Отношения между Лузинским и паном Рожером были более нежели холодны и даже тайно неприязненны. Валек терпеть не мог "аптекарчука", Скальский с презрением смотрел на подкидыша, как он называл его.
– Этот Богунь, – шепнул он, – ухитрится всегда подобрать самое разнообразное общество! Мне кажется, я даже видел здесь Лузинского?
– Он мой школьный товарищ, – сказал хозяин, нахмурившись. – Я с ним могу ладить и, ей-богу, Рожер, он и для тебя годится.
– Ну, не сердись! – воскликнул Скальский с притворным смехом. – Но ты согласишься, что не обязан же я любить всех твоих школьных товарищей?
– Чем же провинился перед тобою Лузинский? – просил Богунь.
– Я его почти не знаю, – отозвался презрительно Скальский, – то есть игнорирую. Но это человек не нашего круга.
Богунь бывал иногда очень едок.
– Скажи же мне, пожалуйста, Скальский, что ты называешь нашим кругом? Я, Туровский, из Божьей Вольки, ты, Скальский…
– Из Папротина, – перебил пан Рожер.
– Ну, на этот раз из аптеки, – сказал смело хозяин. – А он, Лузинский, из…
– Черт знает, откуда, – прервал пан Рожер, – потому что какой-то подкидыш…
– Это, может быть, доказывает, что он рожден графиней, княгиней или в этом роде…
– А может быть и нищей.
– Ты, брат, чертовски полез в аристократию с тех пор как продал аптеку, – сказал Богунь, расхохотавшись.
– Что ты мне колешь глаза аптекой? – возразил недовольный Скальский. – Как будто в том, что отец управлял аптекой, есть что-нибудь предосудительное для шляхетства!
– Конечно, нет ничего предосудительного, – сказал Богунь, – но только я не вижу ничего плохого и для Лузинского в том, что его отец не был даже аптекарем.
Скальский тормошил перчатки с досады.
– Право, Богуслав, – ты становишься несносен.
– Да и ты тоже! – отвечал, засмеявшись Богунь, обращая в тривиальную шутку разговор, становившийся резким.
А так как он не любил кислых физиономий у гостей, то начал обнимать Скальского, шутить и наконец задобрил его.
Он оставил его потом на жертву барону и под предлогом какого-то нужного дела вышел из комнаты.
Шагах в десяти за кустами сирени ожидал его Лузинский, кусая себе пальцы.
– Бога ради, Богунь, дай мне пару лошадей в город.
– К чему такая поспешность?
– А что мне здесь делать?
– С бароном…
– Мы уже переговорили, – отвечал Валек, – мне надобно возвращаться.
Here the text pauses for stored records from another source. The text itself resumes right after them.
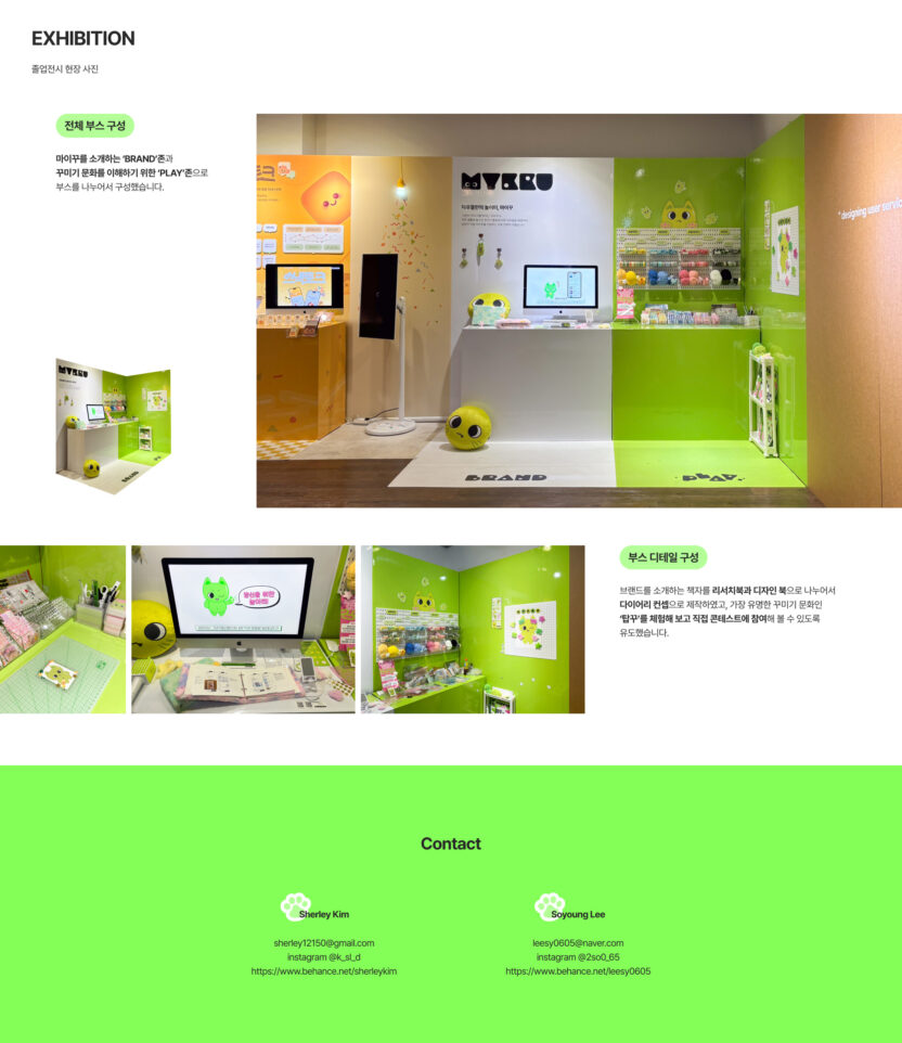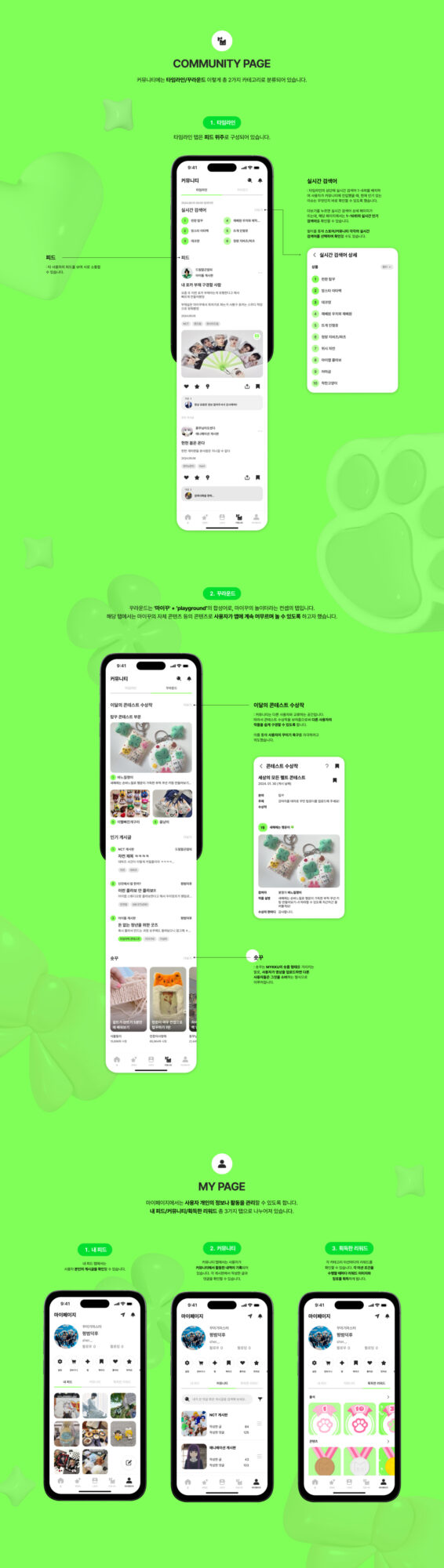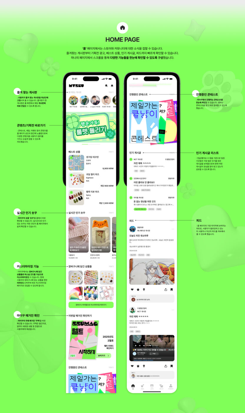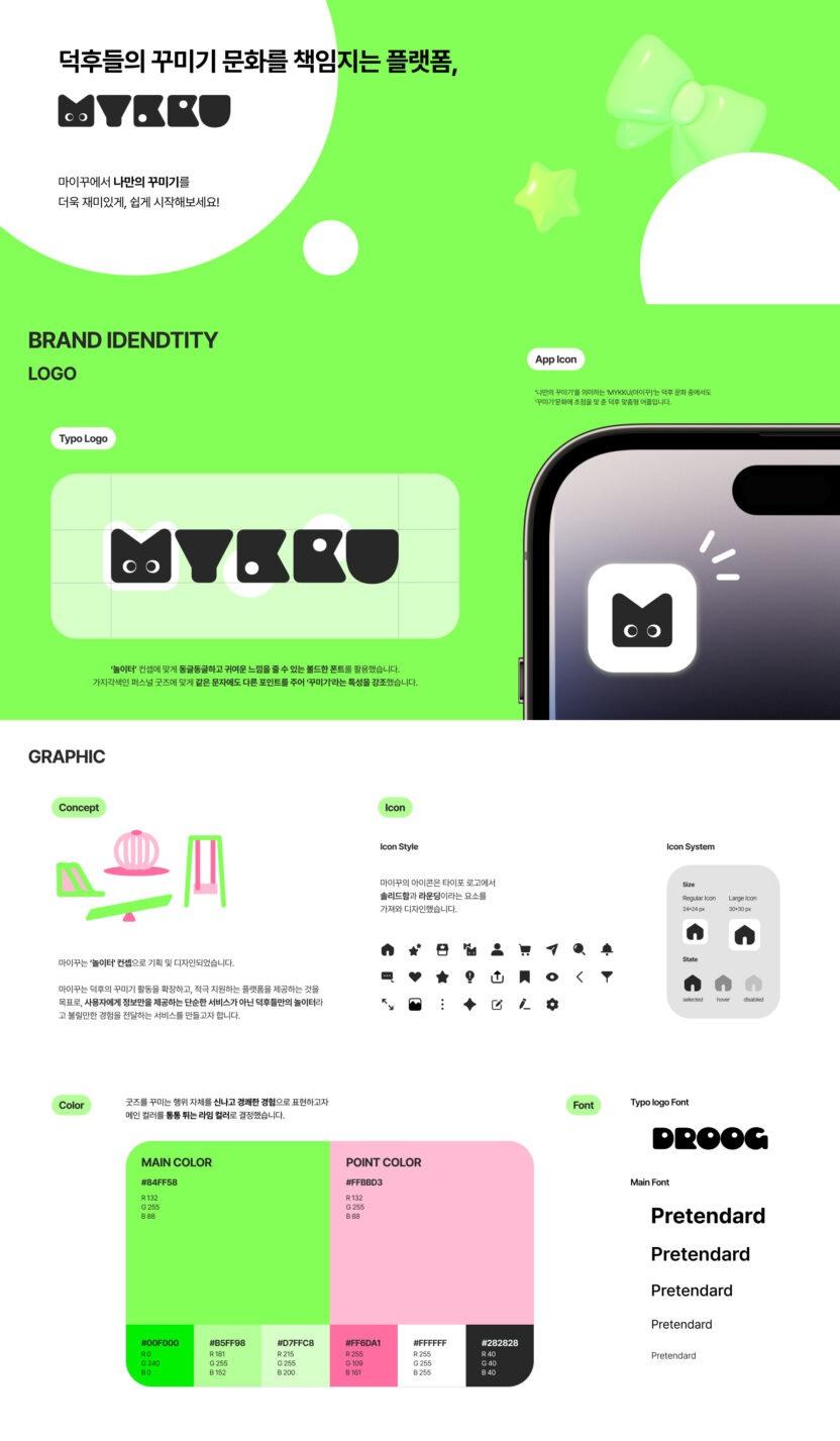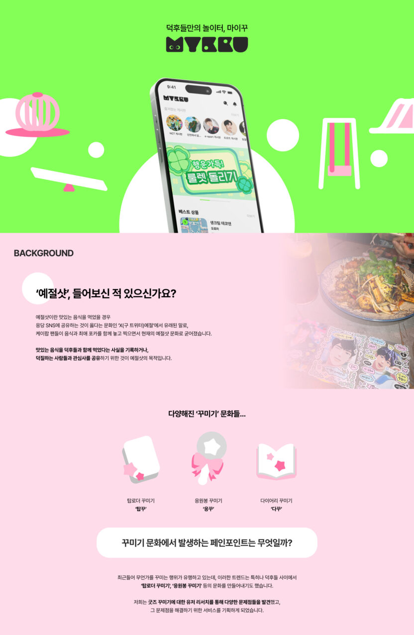 ‘나만의 꾸미기'를 의미하는 ‘MYKKU(마이꾸)’는 덕후 문화 중에서도 ‘꾸미기'에 초점을 맞춘 덕후 맞춤형 어플입니다. 마이꾸는 스토어 뿐만 아니라 커뮤니티, 콘텐츠 등 다양한 종류의 경험을 제공합니다. 다양한 활동을 통해 재미와 자극을 받는 마이꾸에서의 경험을 ‘놀이터’라는 콘셉트로 디자인했습니다. 리서치 과정에서 발견한 창작의 고통, 공유 니즈, 정보 과다의 문제를 중점적으로 해결하기 위한 기능들로 앱을 설계했습니다. 이를 통해 마이꾸는 사용자들에게 굿즈를 꾸미는 데에 필요한 각종 단계를 쉽고 재밌게 기획하여 긍정적인 덕질 라이프를 제공하고자 했습니다.
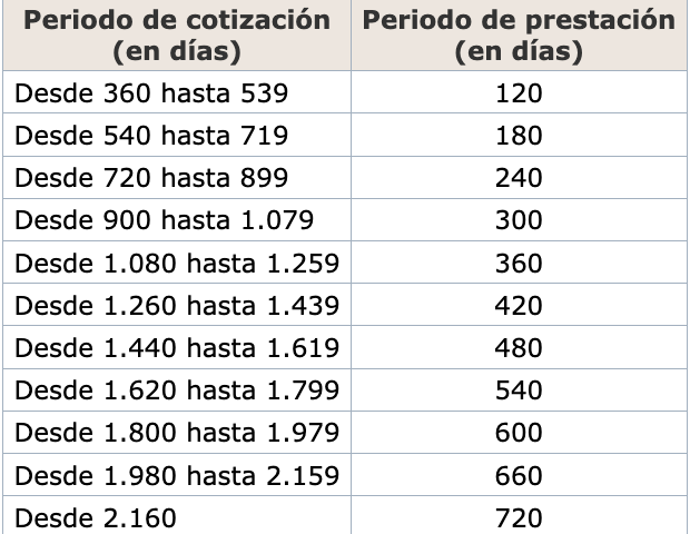 - Desde 2.160: 720 días de prestación.
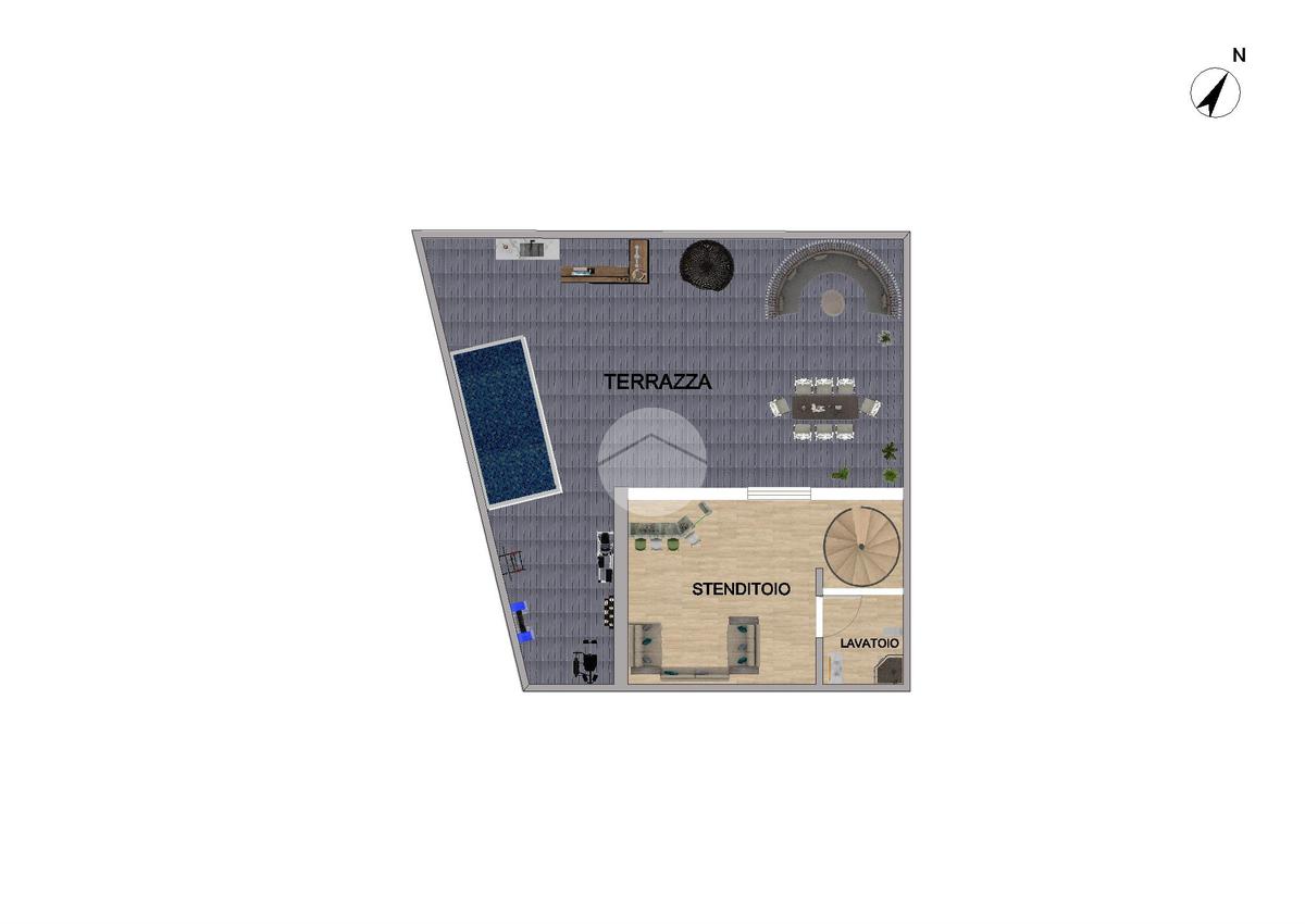 Una comoda scala interna porta al piano superiore, composto da lavatoio, stenditoio e l'accesso esclusivo a uno spazioso terrazzo con esposizone sud/ovest di circa 80m², attualmente in fase di ristrutturazione.
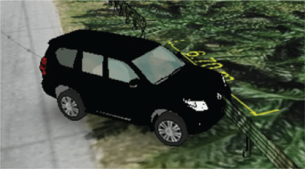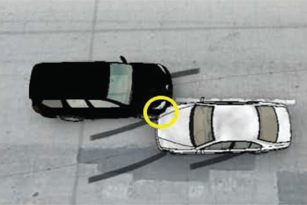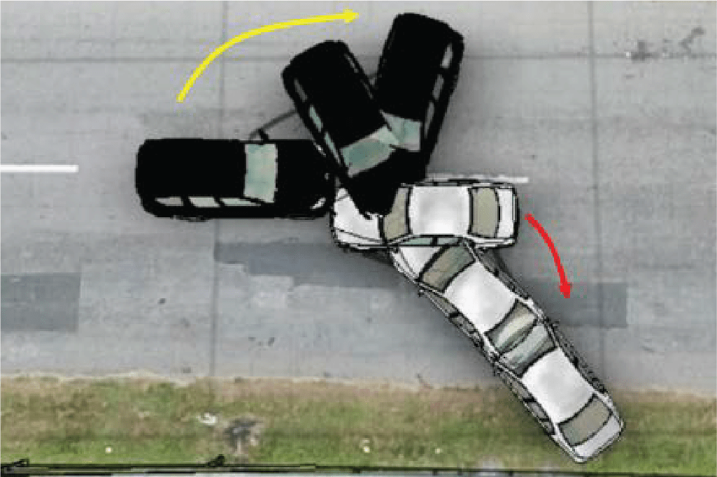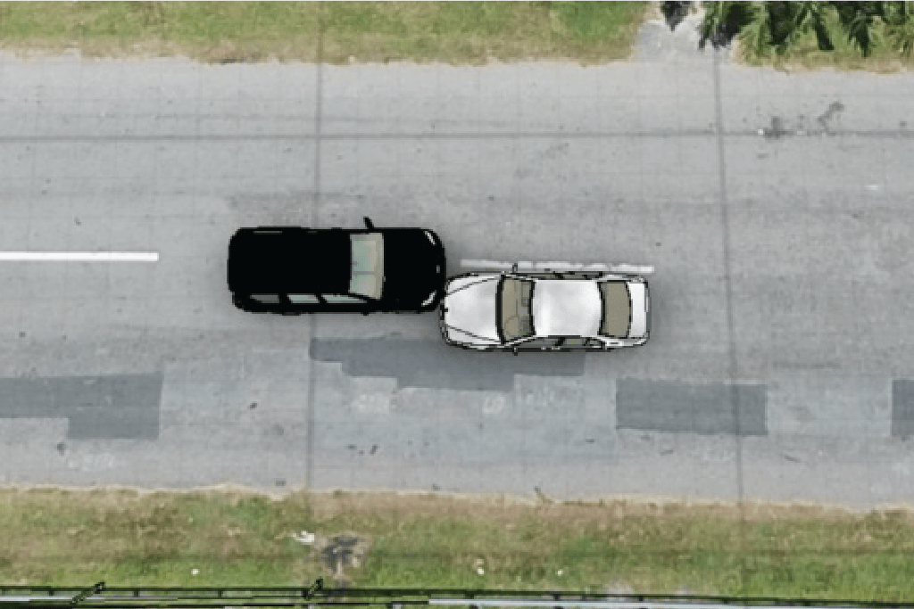Based on the positions in order to match the actual damage on both vehicles, our simulation suggested that both vehicles would not swerve to their left and hit the guardrails beside the roads, but would only rotate clockwise after the collision.

Пожалуйста, дай пару лошадей.
– Дам четверню и прикажу заложить коляску, – сказал Богунь, засмеявшись, – надобно, чтоб ты заранее привыкал ездить в парадном экипаже.
– Эх, перестань, я не люблю шуток! Пару лошадей и бричку.
– А обед?
– Благодарю! Позволь мне уехать.
– Понимаю, сердце твое требует уединения, и не буду препятствовать, притом же знаю, что вы с Скальским недолюбливаете друг друга. Поезжай, когда хочешь.
И он подозвал проходившего парня.
– Стефек! В миг запрячь пару пегих лошадей в нейтычанку! Ты и поедешь, только смотри, не замори лошадок!
Лузинский едва успел собраться и выйти к конюшне, как уже нейтычанка была готова. Он тут же сел в нее, а парень оглянулся и пустился за ворота.
Около полудня Валек подъезжал уже к городской плотине. Выйдя из экипажа и дав кучеру на пиво, он пошел пешком, чтобы не обратить на себя внимания, и направился к гостинице "Розы".
IV
Несмотря на таинственный выезд Лузинского из города, отсутствие его, однако же, не прошло незамеченным. В небольшом городке малейшая сплетня обращает внимание и служит хорошей поживой на голодные зубы.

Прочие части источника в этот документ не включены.